Donör arttığından tam resim belirlemek için iletişim kuralı değiştirilmiş ve ayrıntılı, adım adım deneysel yaklaşım sağlar. Akış Sitometresi ayarlama işlemi bu protokolündeki kritik adımdır ve ile standart yazılım, ayrıntılı talimatlar ve uygun eğitimli personel tarafından gerçekleştirilmelidir. Bizim protokol görüntülenmeyecektir biçiminde tanıtımı bizim iletişim kuralı kolayca takip için seyirci sağlar. Koloni oluşturan üzerinden elde edilen erythroid ataları genomik DNA kullanarak bizim PCR sonuçları karşılaştırıldığında birimleri BM örneklerinde DNA karşı elde edilen FACS sıralanmış erythroid kemik iliği ataları. Donör engraftment verilerden iki yaklaşım temelde tutarlıdır. Ancak, genellikle daha az varyasyon koloni oluşturan üzerinden elde edilen örnekleri bulundu birimleri. Bu donör alyuvar öncüleri tüp bebek tahlil tedavi edilmezse ve sıralanmış donör meslektaşları ile karşılaştırıldığında geliştirilmiş yaşama nedeniyle muhtemeldir. Bu ateşin içinde yapay olarak bilinen oranlarda sağlıklı ataları ve ataları çeşitli Hemoglobinopati hastalarda bir dizi karışık chimeric bileşimleri oluşturarak bu protokolü genişletilebilir. Klonojenik progenitör mobilizasyonu yapar tahlil ve chimerism değerlendirilmesi doğru yerine oranlarını yansıtmaktadır.

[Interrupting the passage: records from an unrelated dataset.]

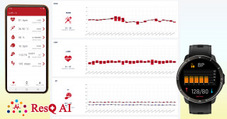 ResQ AIでライフログ測定に使用するウェアラブルIoT「ResQ Band」では、皮膚温、血中酸素濃度、呼吸数などを測定します。この中の「BP」値について、スマホアプリ「ResQ Live」、クラウド運用の「ResQ Platform」とのデータ共有を開始いたしました。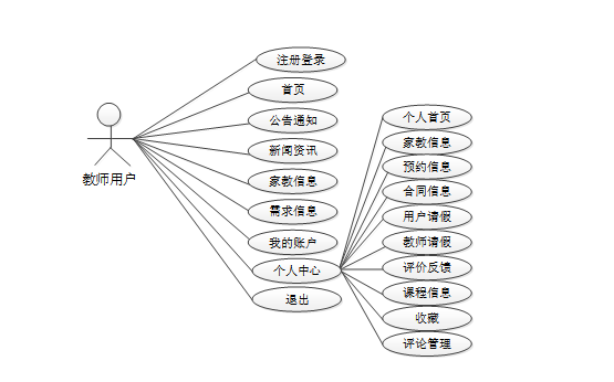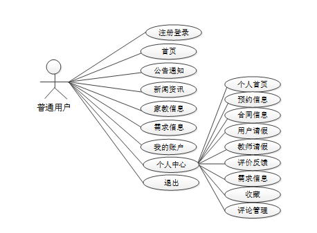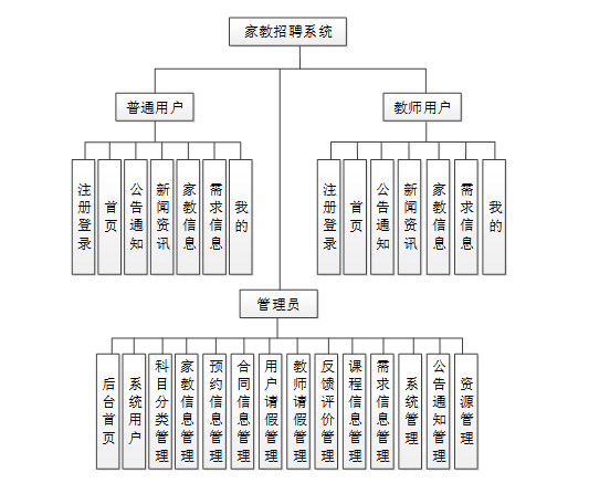 按照家教招聘系统的角色,主要包括普通用户、教师用户和管理员这三大用户功能模块,各用户功能模块的具体功能说明如下。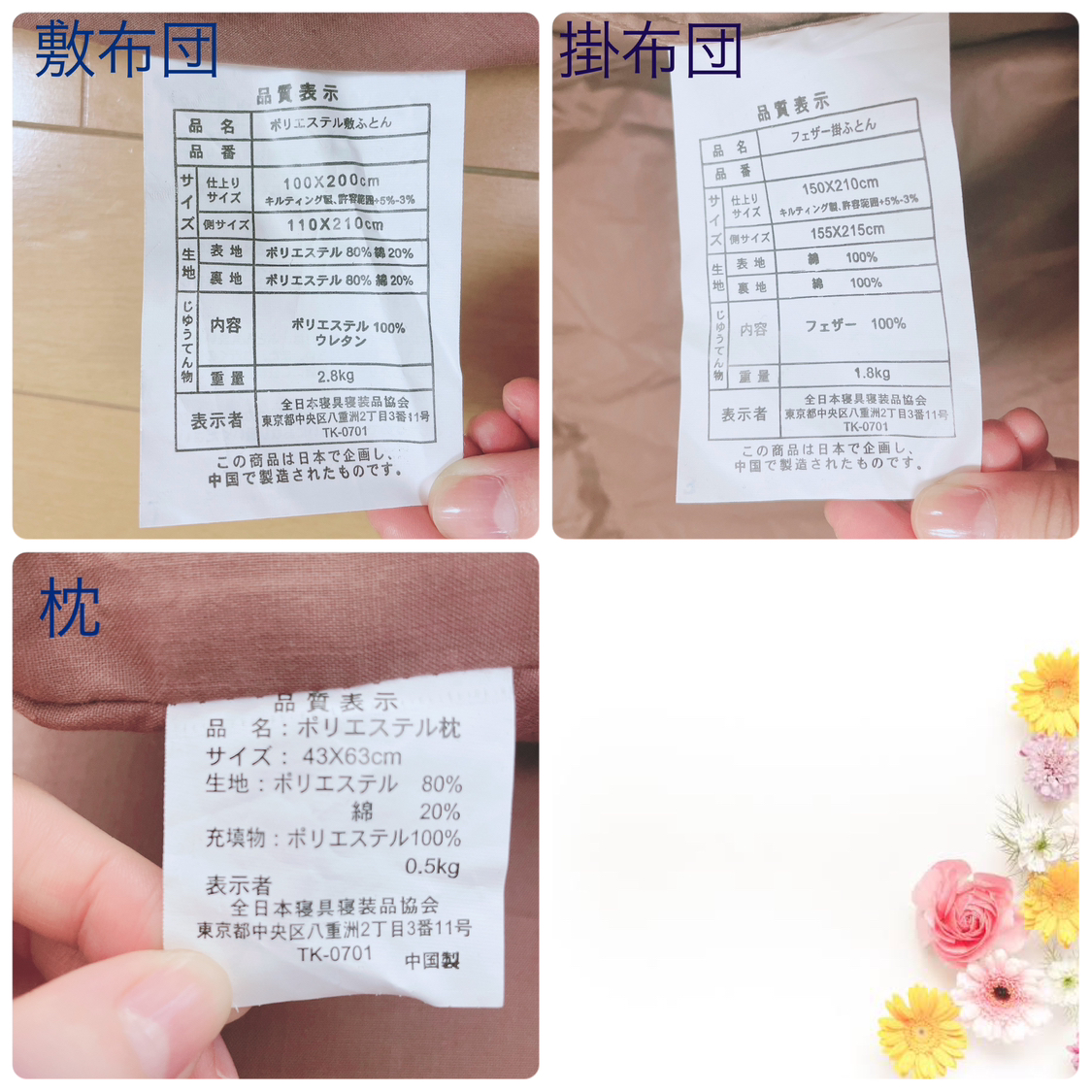 ほぼ未使用の布団4点セットです。 ・敷布団 ・掛け布団 ・枕 ・枕カバー サイズ シングル (具体的な寸法は画像参照) カラー ダークブラウン 客布団として購入しましたが、1回も使用しておりませんで、本日引越し日で1日だけ使用しました。 ★本日お渡しできる方にお譲りいたします。 14時ごろまででしたら牛込神楽坂のマンションでのお渡し、夜でしたら日暮里駅前のマンションでのお渡しになりますので、よろしくお願いいたします。

Mekanizmaları belirli bu ayarda ilgili kesin bir anlayış eksik olsa da, burada sunulan engraftment ve prognostik bilgilerinde rutin kontrolü için ilgili bilgileri sağlamak için büyük önem yöntemdir klinik pratikte. Greft işlevi kurtarmak için girişimleri graft - versus - host hastalığı gelişme riski tarafından sınırlı olduğunu ve seri engraftment izleyerek destekli. Son olarak, bu yöntem de Hemoglobinopati, özellikle akut Greft - versus - host hastalığı ve Otoimmün hastalık etkilenen hastalarda dikkat geliştirmek için taahhüt araştırma alanları için yararlı bir olarak sağlayabilir.

Yazarlar ifşa gerek yok.

Bu eser Kinderkrebshilfe Regenbogen Südtirol tarafından desteklenmiştir.